In the end, structural problems contributed to about $450,000 in cost overruns. "When we started we didn't know the building had been added onto several times, and bearing walls had to be replaced," Dr. Van Meter says.
As a tribute to his new location and high-tech approach, Dr. Van Meter changed the practice's name from South Salem Animal Clinic to Pet Medical Center. "Our name needed to reflect that we're more than a clinic," says Dr. Van Meter. "We're a hospital, a surgical facility, and a boarding and grooming service."
Dr. Van Meter's wish list
Before Dr.
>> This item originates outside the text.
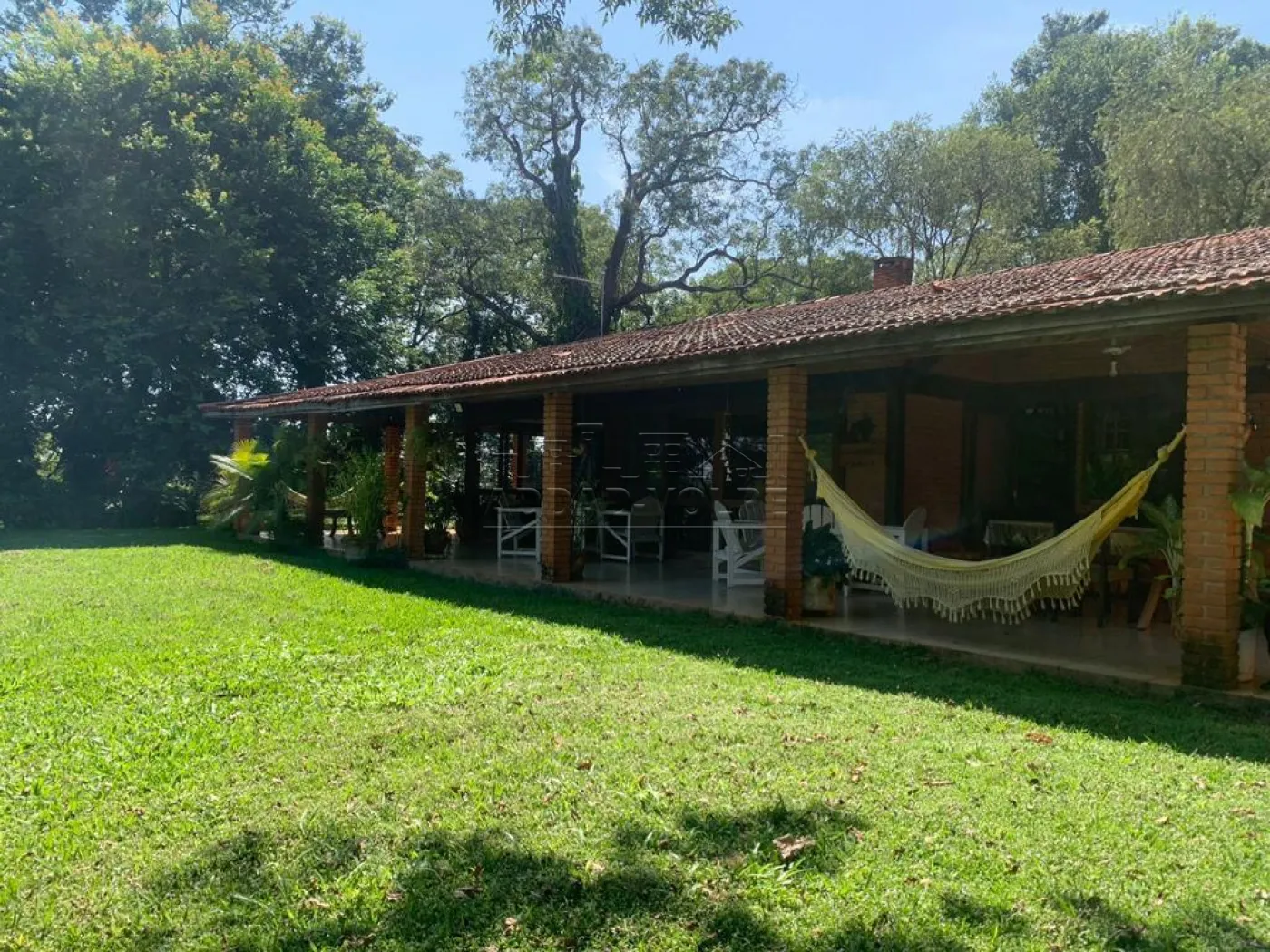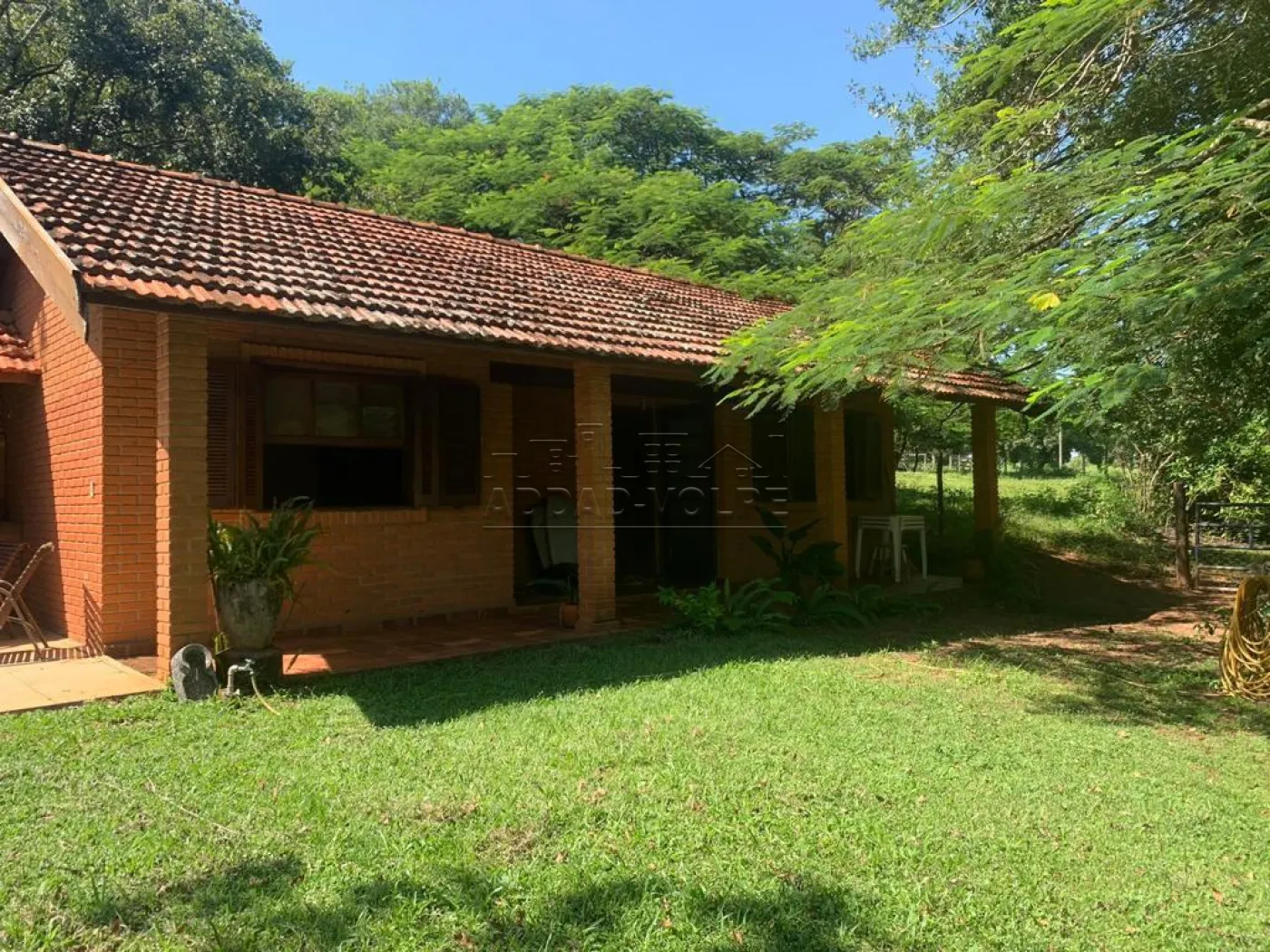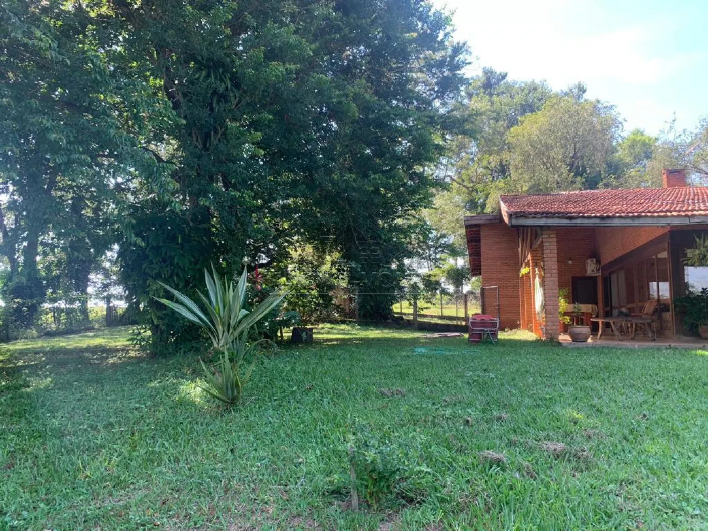 Casa de caseiro, varanda em toda fachada da casa principal, poço artesiano, árvores frutíferas, flamboyants, ipês, pasto e riozinho.

Van Meter started the building process he developed a wish list for his new facility. "I wanted visible kitty condos so clients would know we offer boarding. More parking, more exam rooms, a larger treatment area, and more boarding were all on the list," says Dr. Van Meter. "I also wanted a dramatic entryway."
Creating a dramatic entryway was easy to accomplish. The restaurant had featured wood beams and a natural wood ceiling, and Dr. Van Meter added a glass brick window and recessed lighting to emphasize these unusual building features. "My interior designer worried that the tall beamed ceiling would leave a large blank area of wall where the brick stopped, so we added glass bricks to let in natural light and placed plants on the mezzanine," he says.
The new site also featured a large parking lot, upping Dr. Van Meter's parking capacity for clients from six spaces to 17. And he incorporated five exam rooms into the floor plan-two canine, two feline, and a consultation room-to accommodate the practice's growing client base.
I spy gear
If clients feel like they're being watched when they walk into Pet Medical Center, there's a good reason. Dr. Van Meter installed 17 cameras throughout the practice. Each camera has its own channel, and almost every room in the practice boasts a monitor so clients can watch their pets in surgery or treatment and check up on their children in the children's play area. When staff members take a patient to the treatment area for a procedure, they offer to let the client watch the pet's procedure on a TV monitor in the room. And many clients accept.
Dr. Van Meter also extends this offer when pets undergo surgeries. "I've always allowed pet owners to watch their pets' surgeries," he says. "But as the practice has grown busier, it's been harder to let them stand in the door and watch. At our new practice, if clients want to watch, we take them to the consultation room, where they can see their pet's surgery take place on television."
Four cameras in the canine executive suites and four more in the feline boarding area allow pet owners to visit the practice's Web site and check in on their pets. "A lot of pet owners tell me it means so much to them that they can check up on their pets while they're on vacation," Dr. Van Meter says.
The cameras offer security benefits, too. Every 10 seconds each camera takes a picture that's stored on a computer hard drive. The hard drive keeps photos for up to 10 days. "You can go back and look at what happened in the last week in the clinic," Dr. Van Meter says.
Dr. Van Meter also installed 30 computers with flat panels, which he says improves efficiency. For example, he digitized all the radiographs and stored them with the client files, and doctors or team members can use flat screen computers in the exam rooms to access the files and images. "It used to take as long as 15 minutes to find a client file," says Dr. Van Meter. "Now we can retrieve client files and images almost instantly."
Dr. Van Meter says one of the bonuses of his state-of-the-art clinic is that it looks like a veterinary facility that offers the best possible care for patients-a goal his practice is committed to achieving. And his growing client base bears out his theory that a new, high-visibility location would stimulate growth-the practice has experienced 30 percent growth since the move. "We now see 150 new clients a month," Dr. Van Meter says.